For day-to-day visibility, I also run TheDuffman85/crowdsec-web-ui.

This is not the part that makes decisions. It is the part that makes it easier to see what CrowdSec is doing without living in cscli all day.

That matters more than you might think, especially in a quieter environment like mine. Most of my services are internal-only, and only a few are meaningfully exposed. So the noise floor is lower than what you would see on a fully public fleet. That is exactly why I like having the local web UI. When the signal is quieter, a clean dashboard helps you notice real patterns faster.

The local UI gives me:

a quick dashboard view
alert browsing
decision browsing
LAPI status at a glance
a cleaner visual way to check whether the system is awake or just being blessedly boring for once

Example dashboard:

CrowdSec local web UI dashboard showing alerts, decisions, LAPI health, and activity history

My Compose layout is pretty simple, but I would strongly recommend keeping anything sensitive abstracted into env files or secrets instead of hardcoding it in plain text forever.

Sanitized example:

services:
  crowdsec:
    image: crowdsecurity/crowdsec:latest
    container_name: crowdsec
    restart: unless-stopped
    environment:
      - CUSTOM_HOSTNAME=gatekeeper-master
      - COLLECTIONS=crowdsecurity/linux crowdsecurity/sshd crowdsecurity/nginx-proxy-manager crowdsecurity/whitelist-good-actors crowdsecurity/base-http-scenarios firix/authentik crowdsecurity/pgsql
      - PARSERS=crowdsecurity/docker-logs crowdsecurity/cri-logs crowdsecurity/sshd-logs
      - LAPI_LISTEN_ADDR=0.0.0.0
      - LAPI_LISTEN_PORT=8888
      - METRICS_LISTEN_ADDR=0.0.0.0
      - CROWDSEC_LAPI_URL=http://127.0.0.1:8888
      - TRUSTED_IPS=127.0.0.1,<wireguard-cidr>,<lan-cidrs>,<trusted-public-ip>
    volumes:
      - /home/ak/crowdsec/config:/etc/crowdsec
      - /home/ak/crowdsec/data:/var/lib/crowdsec/data
      - /var/log/auth.log:/var/log/auth.log:ro
      - /var/log/syslog:/var/log/syslog:ro
      - /var/log/kern.log:/var/log/kern.log:ro
      - /var/log/crowdsec-fleet.log:/var/log/crowdsec-fleet.log:ro
    ports:
      - "8888:8888"
      - "6060:6060"
    networks:
      - crowdsec_net

  crowdsec-ui:
    image: ghcr.io/theduffman85/crowdsec-web-ui:latest
    container_name: crowdsec-ui
    restart: unless-stopped
    environment:
      - CROWDSEC_URL=http://crowdsec:8888
      - CROWDSEC_USER=<ui-machine-user>
      - CROWDSEC_PASSWORD=<ui-machine-password>
      - TRUSTED_IPS=<trusted-ui-subnets>
    ports:
      - "8181:3000"
    networks:
      - crowdsec_net
    depends_on:
      - crowdsec

networks:
  crowdsec_net:
    driver: bridge

A few notes:

I keep the UI local and trusted. It is not something I would throw onto the public internet raw.
Put it behind your reverse proxy and your existing auth layer if you want browser access beyond the box itself.
The UI is great for visibility, but cscli is still the source of truth when you want exact answers.
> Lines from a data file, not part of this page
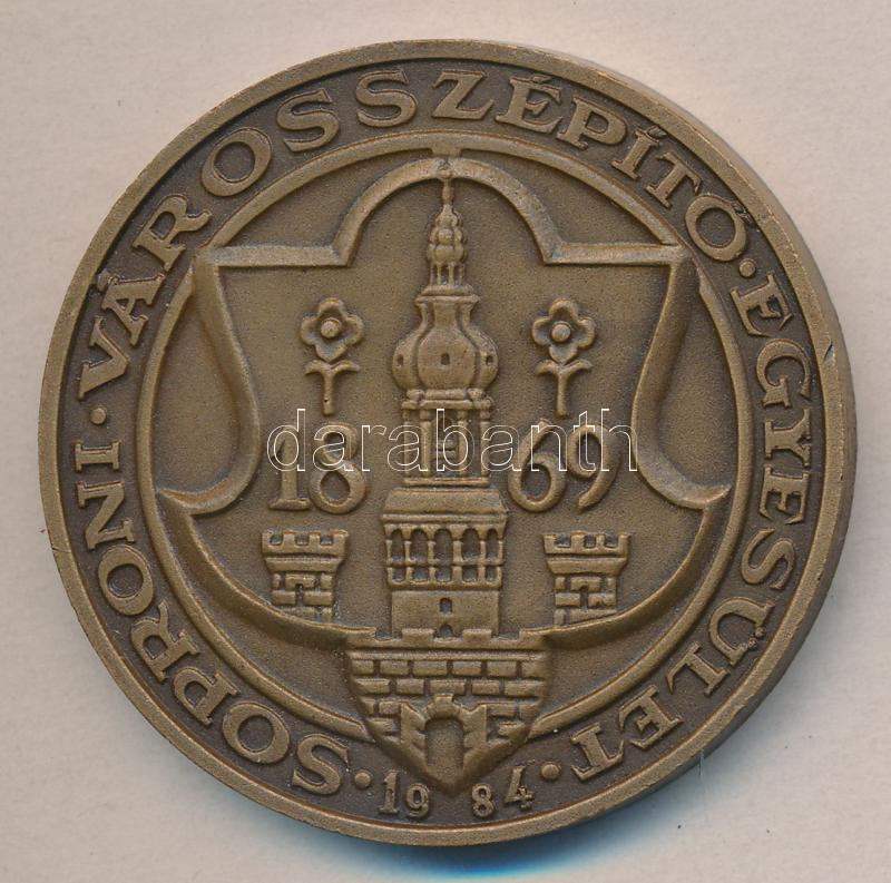 Leírás: Bogár Lívia (1957-) 1984. "Soproni Városszépítő Egyesület" Br emlékérem (49mm/61g) T:1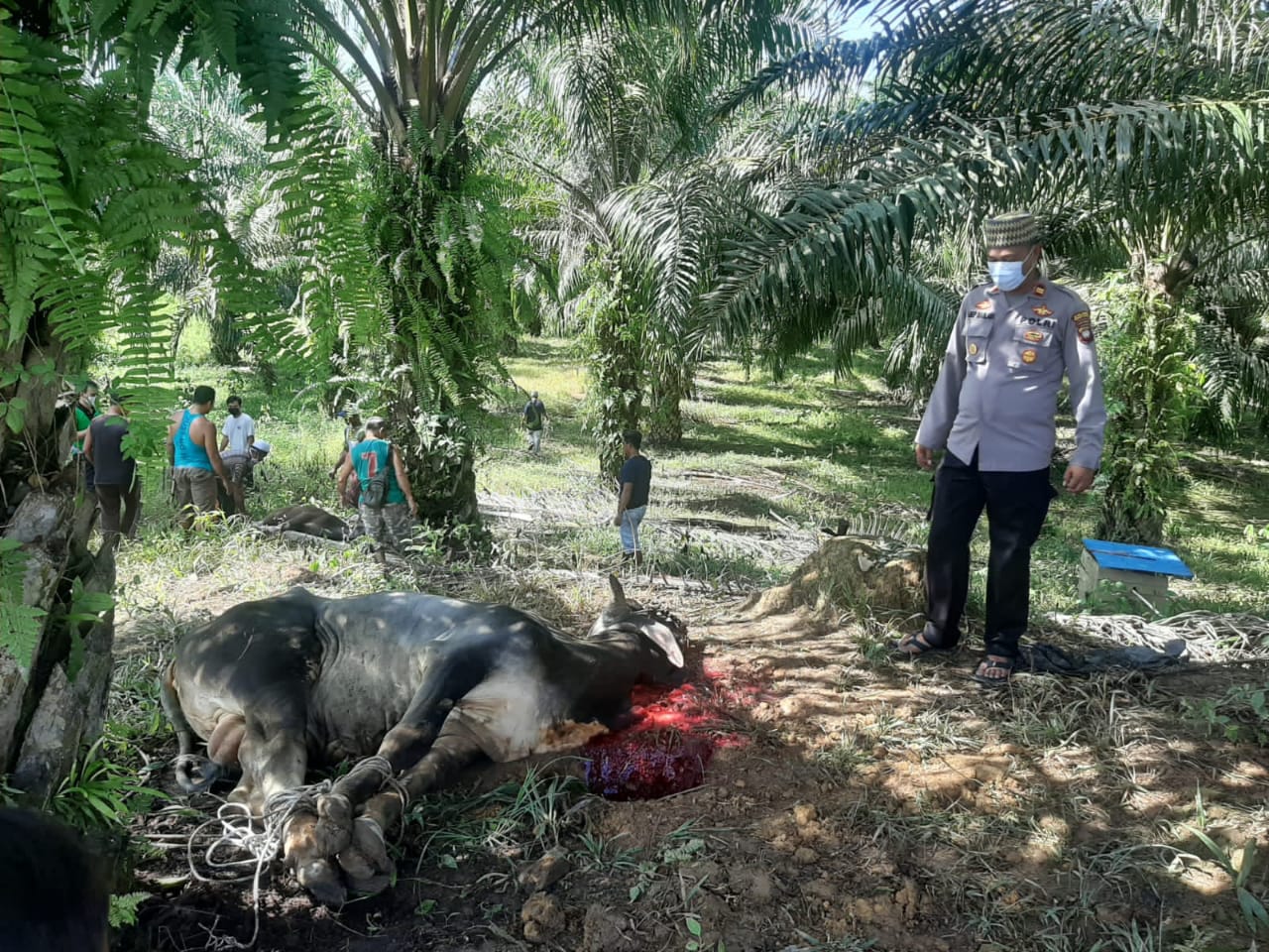 Dalam rangka peringati hari raya IDUL ADHA 1442 H. Polsek Ledo melaksanakan Pam pemotongan hewan kurban. (Selasa/20/7/2021)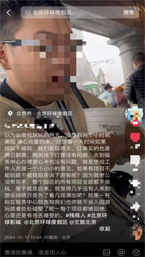 10月17日,有网友在社交平台上发文称,自己老公是残疾人,没有双手,他们一家人去北京环球影城游玩,在服务中心办理爱心卡时,园区工作人员并没有提前告知他们,残疾人大部分游玩项目玩不了,导致他们进入园区后,就只能看几场表演,大部分游乐设施都不让玩,他们一家只能扫兴而归。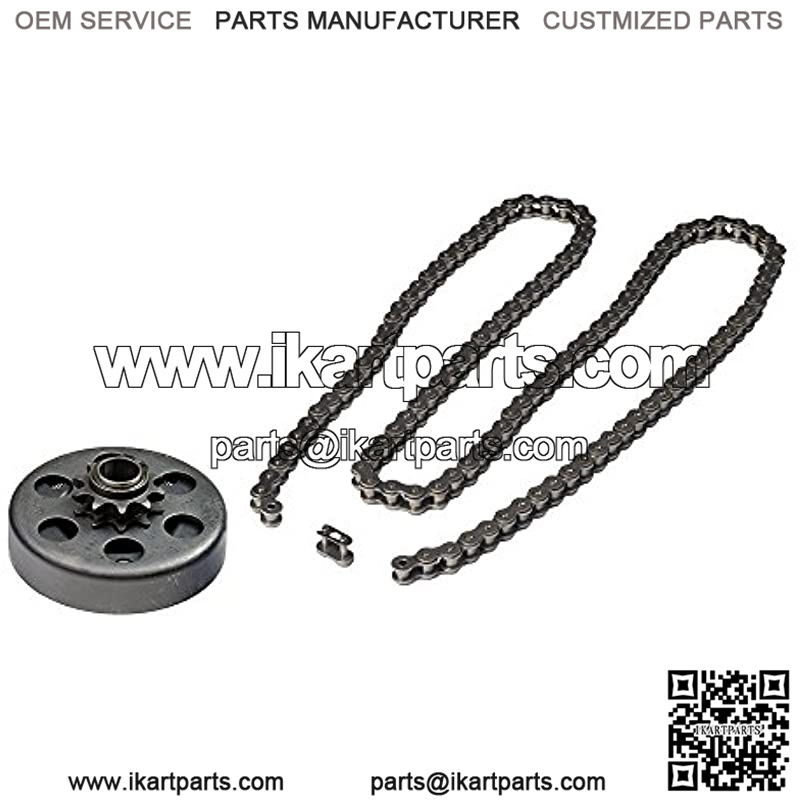 When you need a replacement clutch assembly with 3/4″ shaft and 10 tooth 420 chain sprocket, our clutch assembly set with a chain sprocket and five feet of #420 open loop chain is an excellent choice for go-karts and mini bikes, especially for the DIY garage mechanic. Our clutch is the same style used on many offroad vehicles from Baja, Coleman, Manco, and many others. The clutch features a 3/4″ shaft bore and is topped off with a pre-installed 10 tooth sprocket made for use with #420 chain. The #420 size chain can be found on go-karts, dirt bikes, dune buggies, as well as some ATVs or other applications that typically run on 49cc, 50cc, 70cc, 110cc, or 125cc engines. We include five feet of open loop chain together with a master link. You can cut the chain to your desired length for a perfect fit. Please note that you will need to cut or otherwise shorten the chain yourself if the chain is too long for your needs. All in all, our clutch, sprocket, and chain combination set is an outstanding value.Clutch bore (shaft) diameter: 3/4″Sprocket tooth count: 10Chain size: #420Chain length: 5’Pitch: 1/2″Roller Diameter: 5/16″Roller Width: 1/4″Combined weight: 4.35 lbs.
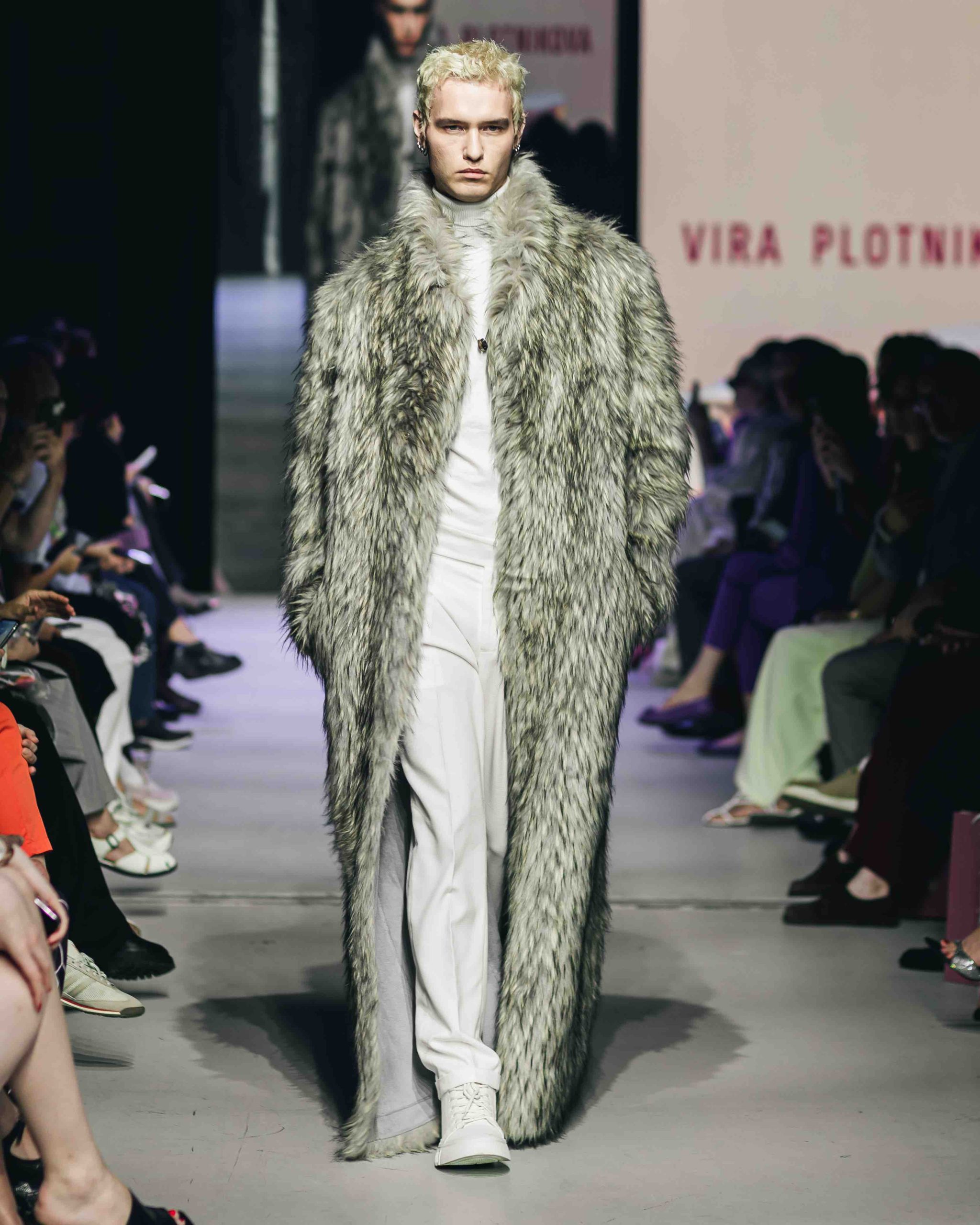 Коллекция «Diva» FW 25/26, представленная на Московской Неделе Моды, - это исследование возможностей шерстяного меха. Эффектные шубы в пол из искусственных перьев, строгие дубленки, богемные горжетки и манишки, воплощающие элегантные и романтичные силуэты. Цветовая палитра — от тонкой нейтральной классики до смелого самовыражения. От базового шика: утончённый беж, шоколад, стальной, белоснежный. До смелого выбора: экстравагантный леопард, нежный голубой, мятный, оливковый, гипнотический лиловый и лавандовый.
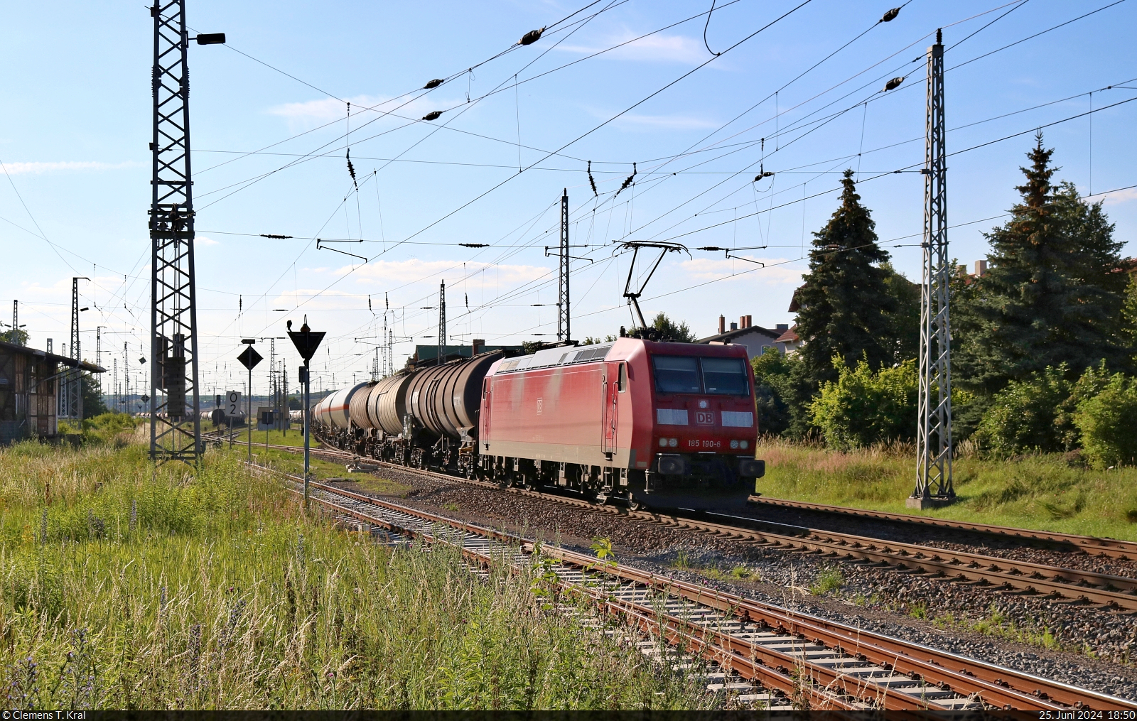 Neben einigen Kesselwagen schleppt 185 339-9 noch 261 084-8 (Voith Gravita 10 BB) Richtung Halle (Saale) mit.

That is the balance I like. The UI gives me fast eyes. The CLI gives me certainty.

CrowdSec Daily Digest, the Morning Summary

The digest is separate from the real-time alerts.

That distinction matters:

real-time Telegram notifications tell you when a decision fires
daily digest tells you what the overall day looked like

My digest runs as a small shell script on GateKeeper and posts into Telegram through GateKeeper222_bot.

It pulls:

total active local decisions
decisions from CAPI
decisions from blocklists
agents online
bouncers active
Herald and Nexus health
alerts seen in the last 24 hours
basic scenario breakdown for SSH brute force, HTTP scan, HTTP brute force, and Tor

This is the cron I use:

15 01 * * * /usr/local/bin/crowdsec-daily-digest.sh >> /var/log/crowdsec-digest.log 2>&1

That gives me one digest a night at 1:15 AM, and it leaves a log behind in case I want to verify the run or troubleshoot a broken post.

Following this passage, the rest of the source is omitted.